I am New - Need Help

Discussion in 'Malware Help (A Specialist Will Reply)' started by Brown18, Feb 21, 2009.

  1. Brown18

    Brown18 Private E-2

    Hello everyone,

    I am new to major greeks, but I will try to make it short-

    While streaming a WMP video and posting on a blog at the same time, AVG notified me that I have trojans and a worm. The malware disabled my spyware protection software (Webroot Spy Sweeper), so I couldn't run a scan, but it appeared in quarantine.

    In a panic I deleted everything from the quarantine list. I reinstalled Webroot Spy Sweeper, AVG, and ran scans, but nothing came up even though my computer was at a very slow crawl. So I decided to reformat everything. After taking many hours reinstalling Windows Updates and my security software, the malware seem to have came back :cry. I kept getting Spyware notification pop-ups every second, reading - "The Internet Communication shield has blocked access to" followed by the site name and my computer went back to a slow crawl again.

    Long story short, I came cross your website and here I am. I have to confess I initially didn't follow all the steps as instructed in the Read Me First and XP Cleaning Procedure web pages :-o. I skipped MGtools and Combofix because I thought I got rid of the worm and Trojans, and a few days later I started getting frequent spy notification pop-ups again.

    After I ran Combofix and MGTools, it appears that the problem has gone away, but I am not sure. Attached is my Combofix.txt file and my MGTools zip file. I would like someone to take a look it and give me advice on what to do next.
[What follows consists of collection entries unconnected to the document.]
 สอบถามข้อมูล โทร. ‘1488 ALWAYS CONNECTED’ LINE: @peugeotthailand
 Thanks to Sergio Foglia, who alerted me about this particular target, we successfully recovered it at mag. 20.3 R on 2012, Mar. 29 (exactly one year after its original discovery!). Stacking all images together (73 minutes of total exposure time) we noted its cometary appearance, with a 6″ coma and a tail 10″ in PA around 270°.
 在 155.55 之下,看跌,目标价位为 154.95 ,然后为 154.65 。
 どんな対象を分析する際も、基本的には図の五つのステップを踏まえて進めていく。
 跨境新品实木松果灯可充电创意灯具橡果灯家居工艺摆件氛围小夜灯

    Thank you. I appreciate your time.

    Note: I had failed to completely disable my firewall (it has a lot of compartments) during the first scan, and it interrupted process. Combofix2.txt is the first scan, and combofix.txt is the second scan.
     

    Attached Files:

    Brown18, Feb 21, 2009
    #1
  2. TimW

    TimW MajorGeeks Administrator - Jedi Malware Expert Staff Member

    Your logs are clean.....If you are not having any other malware problems, it is time to do our final steps:

    1. We recommed you keep SUPERAntiSpyware and Malwarebytes Anti-Malware for scanning/removal of malware. Unless you purchase them, they provide no real time protection. They are useful as backup scanners. They do not use any significant amount of resources ( except a little disk space ) until you run a scan.
    2. If we had you use ComboFix, uninstall ComboFix (This uninstall will only work as written if you installed ComboFix on your Desktop like we requested.)
      • Click START then RUN and enter the below into the run box and then click OK. Note the quotes are required
      • "%userprofile%\Desktop\combofix" /u
        • Notes: The space between the combofix" and the /u, it must be there.
        • This will uninstall ComboFix and also reset hidden files and folders settings back to Windows defaults.
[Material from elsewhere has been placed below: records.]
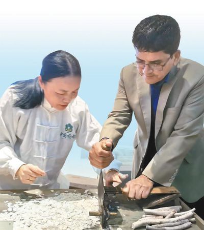 10月26日,2023“一帶一路”媒體合作論壇聯合采訪團走進江西省樟樹市樟幫中醫藥一條街非遺館。圖為采訪團成員正在體驗中藥炮制技藝。
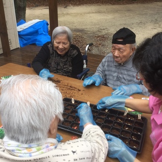 石田さんは、「石田さん、これ何をしているかわかりますか?」と、聞くと、「?????」と、頭を傾げてましたが、いざ種蒔きが始まると原田さんと一緒に種を蒔いてくれています。
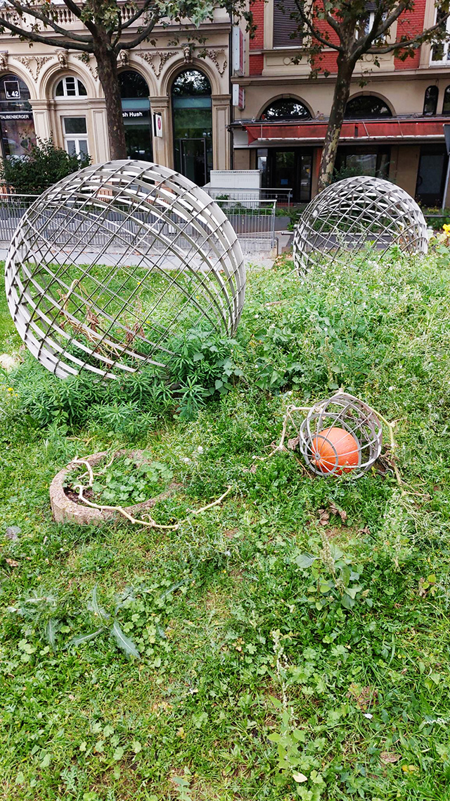 Die Skulptur besteht aus Edelstahlgitterkugeln auf einem Erdhügel. Dieser wird jedes Frühjahr mit Kürbissen bepflanzt, die im Herbst geerntet werden. In diesem Jahr wurde eine vegane Kürbissuppe von EVIM angeboten.

      • Delete the C:\combofix folder from combofix (if it exists)

    3. Any other miscellaneous tools we may have had you install or download can be uninstalled and deleted.
    4. If running Vista, it is time to make sure you have reenabled UAC by double clicking on the C:\MGtools\enableUAC.reg file and allowing it to be added to the registry.
    5. Go to add/remove programs and uninstall HijackThis.
    6. You can delete the C:\MGtools folder and the C:\MGtools.exe file. You can also delete the C:\MGlogs.zip
    7. If you are running Vista, Windows XP or Windows ME, do the below:
      • Refer to the cleaning steps in the READ ME for your Window version and see the steps to Disable System Restore which will flush your Restore Points.
      • Then reboot and Enable System Restore to create a new clean Restore Point.

    8. After doing the above, you should work thru the below link:

     
    TimW, Feb 21, 2009
    #2
  3. Brown18

    Brown18 Private E-2

    Thank you very much. Your site has been a tremendous help to me.:)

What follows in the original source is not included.